Press release from Balule Nature Reserve
South African National Parks (SANParks) and its conservation partners in the Greater Kruger region are in the process of implementing additional strategic and collaborative management interventions as part of an integrated rhino management approach. As part of several initiatives, some entities will embark on the strategic dehorning of rhinos in the Greater Kruger Protected Area landscape, and Balule Nature Reserve were able to execute dehorning during the last week.
In a seven day, highly specialised operation, the rhino population of Balule has been dehorned.
The operation was carried out with professional precision and in conjunction with our neighbouring reserve. It is believed to have been the largest single dehorning operation yet carried out in the Mpumalanga and Limpopo Lowveld focusing on free ranging wild rhinos.
Balule is a Private Reserve, open to the Kruger National Park and its neighbours in the Association of Private Nature Reserves (APNR). It is privately funded and has been hit hard by illegal poaching in the past several years.
The relentless onslaught has reduced the rhino population within Balule by nearly 70% since 2012.
Family groups have been severely compromised and sex ratios skewed leading to a dire situation for the natural prosperity of our rhinos.
Accordingly, in order to stem the losses it was resolved to:
• Explore, and if possible implement, a dehorning strategy so as to reduce the attractiveness of the targets to poaching syndicates; and
• Implement additional security measures.
Following ten months of planning and extensive stake holder consultations, which included South African National Parks specialists from the Kruger National Park, neighbouring reserves and provincial authorities, the appropriate permits authorising Balule to proceed with the operation were issued.
This multi-disciplined operation was carried out by a large specialised team comprising the Balule management team, four wildlife veterinarians, a fixed wing spotter aeroplane and a two helicopters. In addition, vehicle based ground teams with air-to-ground communications, systematically moved through the reserve capturing and dehorning all rhinos that were located.

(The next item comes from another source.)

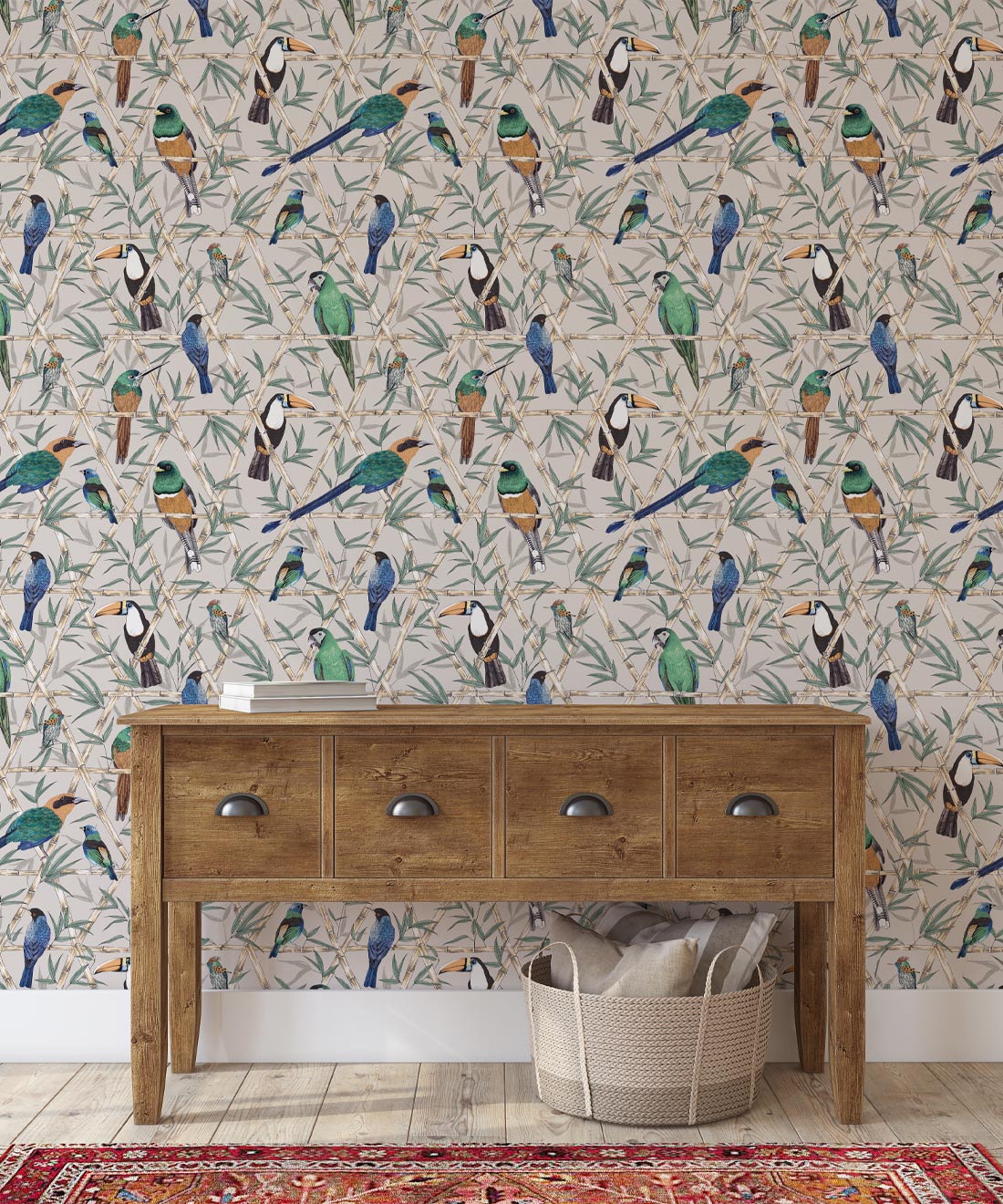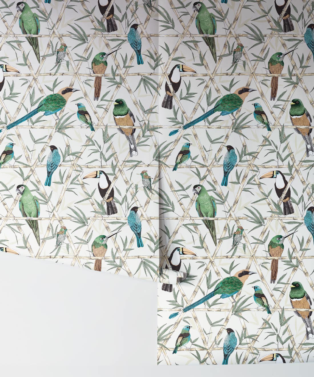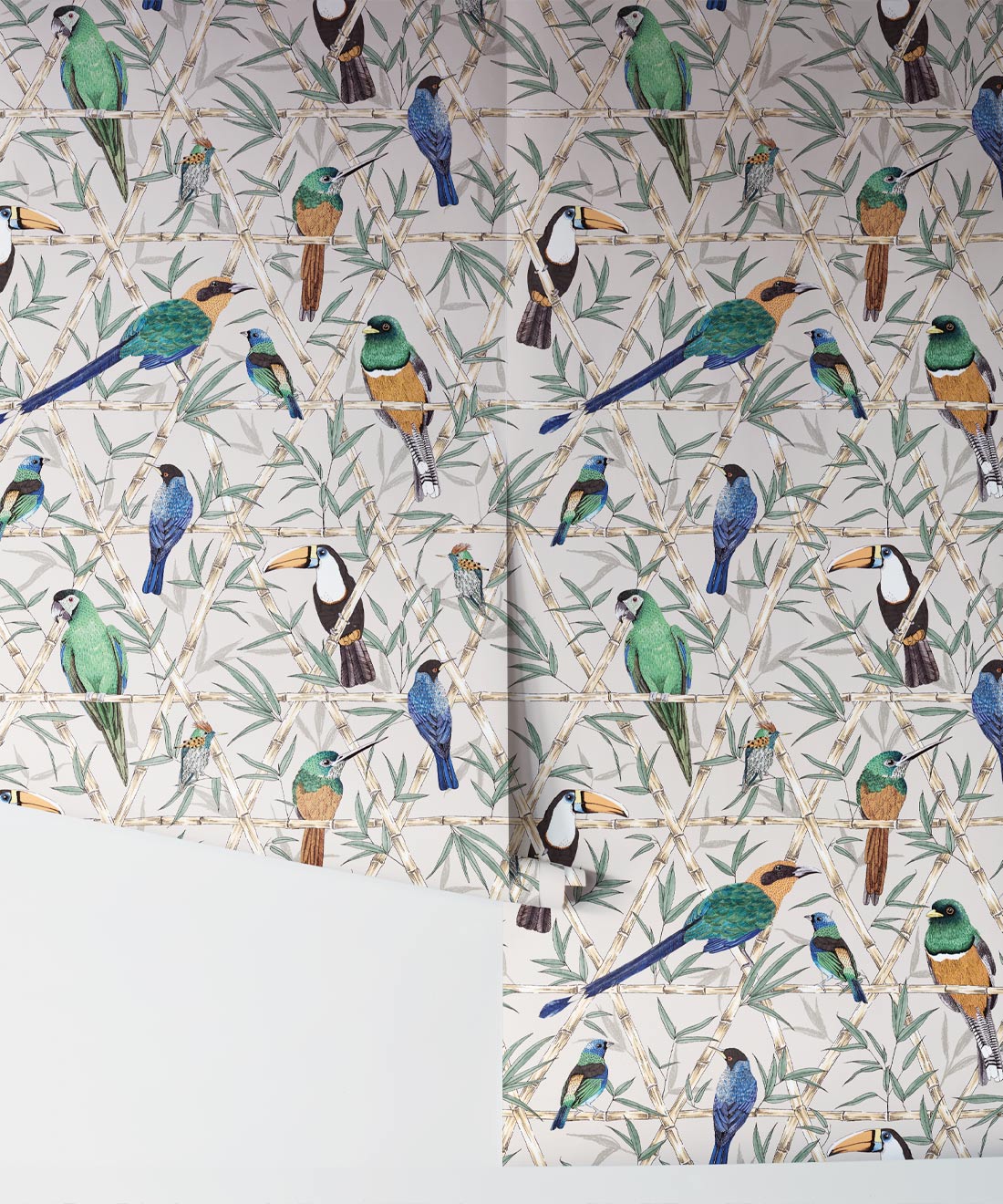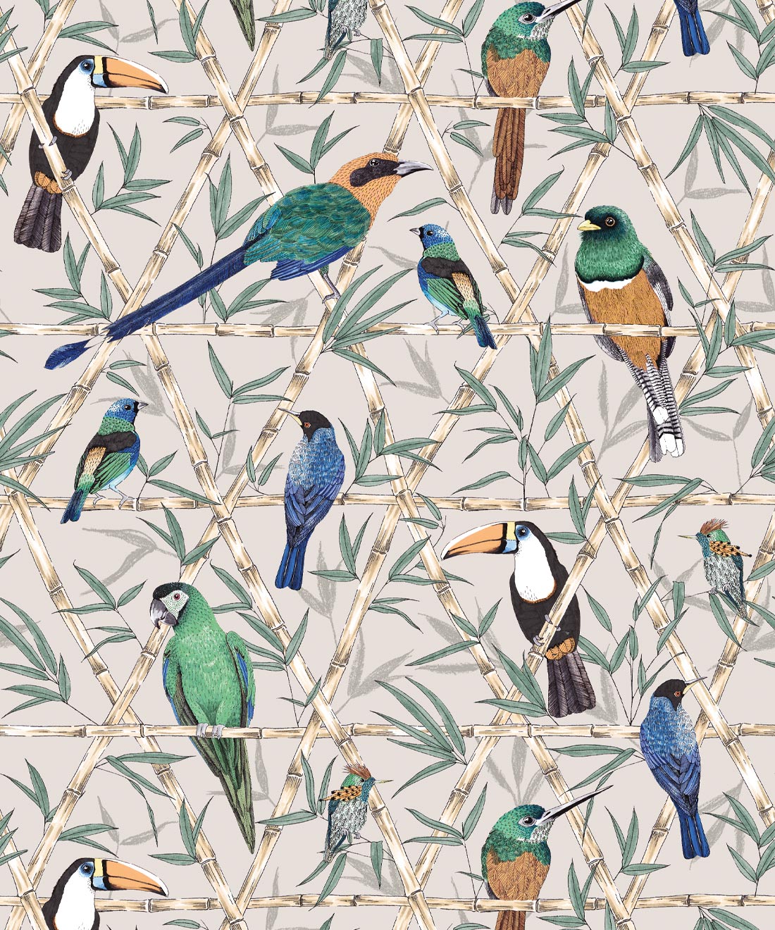 Bamboo Birds Wallpaper captures the true beauty of Amazon birdlife. A gorgeous bird wallpaper by Jacqueline Colley features Toucans, Macaws, Rufous-tailed Jacamars, and Amazon Kingfishers perched upon a trellis of bamboo.

The entire operation was closely monitored by a LEDET official who were furthermore responsible for the collection of DNA samples from every rhino, which will be entered into the RHODIS system which is hosted at the University of Pretoria, Onderstepoort genetics laboratory.
Balule is host to a black rhino population which belongs to the Eastern Cape Parks and Tourism Agency. These rhinos were successfully released in Balule in 2011 as part of the WWF Black Rhino Expansion Program (BREP program).
ECPTA approved this security intervention and their officials were present during the dehorning of their black rhinos in Balule. Valuable data and genetic samples were collected during the dehorning immobilisation of the rhinos.
During the operation increased security measures were in place and a specialised third-party asset protection security organisation were present. All horns were removed from the reserve daily and placed into secure off-site storage facilities.
Balule approved this extensive operation, as it had become abundantly clear that with the current intensity of rhino poaching, the Balule rhino would become extinct within the next two to four years, unless more drastic measures were taken. This, in spite of the already substantial financial investments into security, both in terms of manpower and technology which has been spent over the past few years.
The dehorning project is not viewed as a standalone initiative, but will contribute towards the existing multi-faceted suite of security initiatives which already exist within the APNR and Balule. Furthermore, the Balule dehorning project is contributory towards the GLTFCA integrated rhino management program, which is underpinned by the cooperative agreement which exists between Balule, other Protected Areas open to the KNP and the KNP.
Given the pioneering nature of this project, the effectiveness against poaching as well as the health and well-being of the rhinos will be closely and scientifically monitored into the future, with the ultimate objective of ensuring the survival of the wild rhino population within Protected Areas, the Country and in Africa.